Remaining issue (edit: 5 Nov 2023)

Still, it's worth checking why we need to "stop" the simulation instead of waiting for its "natural" finish. I guess this is more of Pylot than CARLA.

Answer from the developer (former PhD student):

This value was to stop the scenario after 10 minutes to save ego vehicle being stuck for ever due to no fault of it (e.g., vif is stuck due to collision with traffic light).
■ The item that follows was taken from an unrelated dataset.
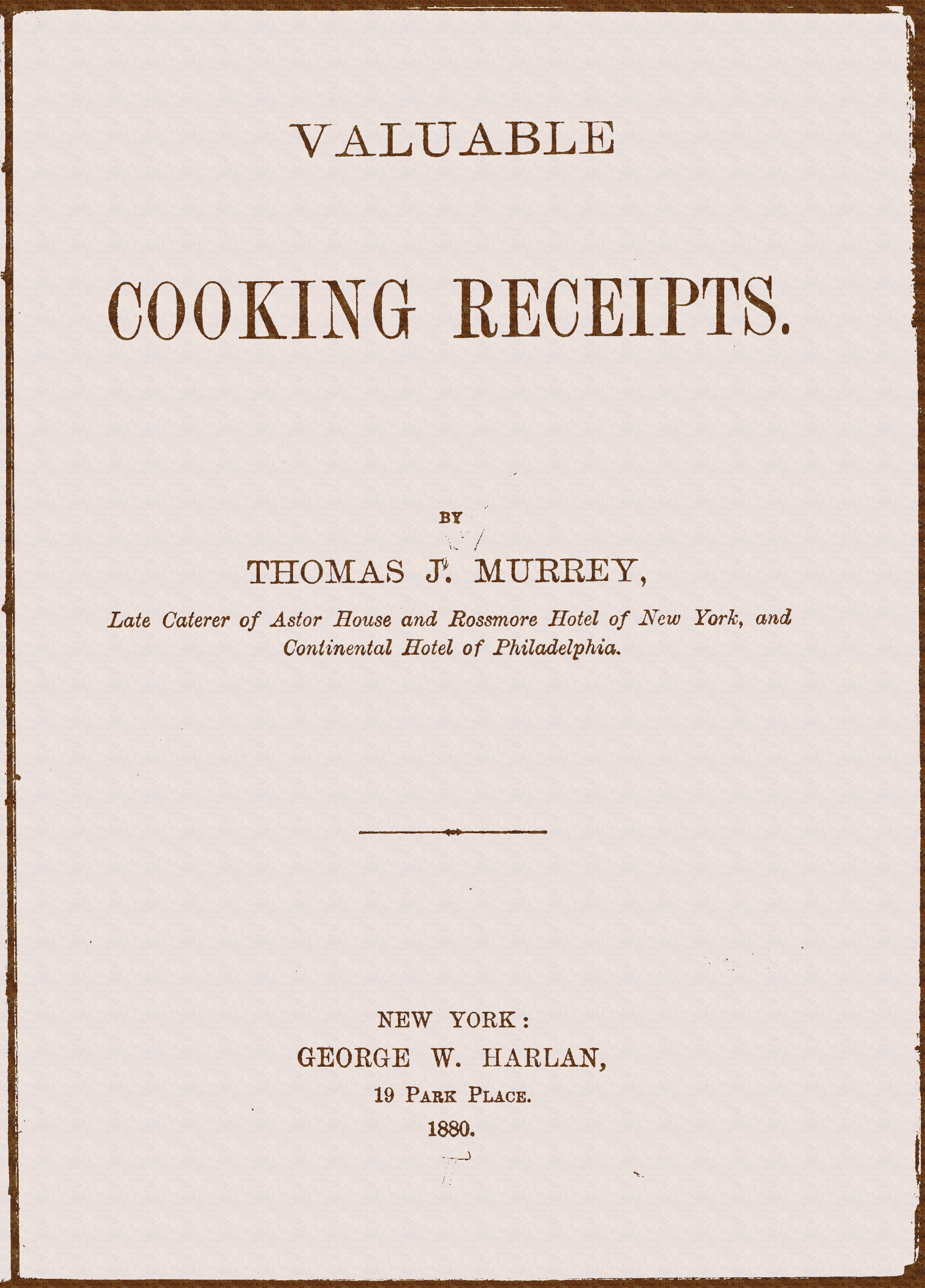 In issuing this little volume the publisher is aware that the market is already deluged with “cook-books,” both good and bad; but the aim in this instance is to utilize the experience of a caterer, who has spent twenty-five years of his life in the service of leading hotels and restaurants all over the country, besides catering to the appetites of thousands of private families. The well-known and unsurpassed cuisine of the hotels where he has been employed would of itself form testimony conclusive of his culinary ability, but he possesses besides numerous flattering letters from private parties, many of high standing in the community. As a salad-maker his reputation is wide-spread, and his receipts under this head are numbered among the hundreds, any one of which is a masterpiece of epicurean art and taste. It is my intention shortly to issue a book containing these receipts.

rsomers1998 commented 8 months ago

Now we have a scenario running, a new error has appeared when running SAMOTA through: python run_SAMOTA.py

Traceback (most recent call last):
  File "run_SAMOTA.py", line 6, in <module>
    from samota import *
  File "/home/ubuntu/carla/SAMOTA/implementation/runner/lib/samota.py", line 6, in <module>
    from RBF import Model as RBF_Model
  File "/home/ubuntu/carla/SAMOTA/implementation/runner/lib/RBF.py", line 7, in <module>
    from keras import backend as K
  File "/home/ubuntu/miniconda3/envs/carla/lib/python3.8/site-packages/keras/__init__.py", line 1, in <module>
    from . import utils
  File "/home/ubuntu/miniconda3/envs/carla/lib/python3.8/site-packages/keras/utils/__init__.py", line 1, in <module>
    from tensorflow.keras.utils import *
  File "/home/ubuntu/miniconda3/envs/carla/lib/python3.8/site-packages/tensorflow/__init__.py", line 41, in <module>
    from tensorflow.python.tools import module_util as _module_util
  File "/home/ubuntu/miniconda3/envs/carla/lib/python3.8/site-packages/tensorflow/python/__init__.py", line 53, in <module>
    from tensorflow.core.framework.graph_pb2 import *
  File "/home/ubuntu/miniconda3/envs/carla/lib/python3.8/site-packages/tensorflow/core/framework/graph_pb2.py", line 16, in <module>
    from tensorflow.core.framework import function_pb2 as tensorflow_dot_core_dot_framework_dot_function__pb2
  File "/home/ubuntu/miniconda3/envs/carla/lib/python3.8/site-packages/tensorflow/core/framework/function_pb2.py", line 16, in <module>
    from tensorflow.core.framework import attr_value_pb2 as tensorflow_dot_core_dot_framework_dot_attr__value__pb2
  File "/home/ubuntu/miniconda3/envs/carla/lib/python3.8/site-packages/tensorflow/core/framework/attr_value_pb2.py", line 16, in <module>
    from tensorflow.core.framework import tensor_pb2 as tensorflow_dot_core_dot_framework_dot_tensor__pb2
  File "/home/ubuntu/miniconda3/envs/carla/lib/python3.8/site-packages/tensorflow/core/framework/tensor_pb2.py", line 16, in <module>
    from tensorflow.core.framework import resource_handle_pb2 as tensorflow_dot_core_dot_framework_dot_resource__handle__pb2
  File "/home/ubuntu/miniconda3/envs/carla/lib/python3.8/site-packages/tensorflow/core/framework/resource_handle_pb2.py", line 16, in <module>
    from tensorflow.core.framework import tensor_shape_pb2 as tensorflow_dot_core_dot_framework_dot_tensor__shape__pb2
  File "/home/ubuntu/miniconda3/envs/carla/lib/python3.8/site-packages/tensorflow/core/framework/tensor_shape_pb2.py", line 36, in <module>
    _descriptor.FieldDescriptor(
  File "/home/ubuntu/miniconda3/envs/carla/lib/python3.8/site-packages/google/protobuf/descriptor.py", line 544, in __new__
    _message.Message._CheckCalledFromGeneratedFile()
TypeError: Descriptors cannot be created directly.
If this call came from a _pb2.py file, your generated code is out of date and must be regenerated with protoc >= 3.19.0.
If you cannot immediately regenerate your protos, some other possible workarounds are:
 1. Downgrade the protobuf package to 3.20.x or lower.
 2. Set PROTOCOL_BUFFERS_PYTHON_IMPLEMENTATION=python (but this will use pure-Python parsing and will be much slower).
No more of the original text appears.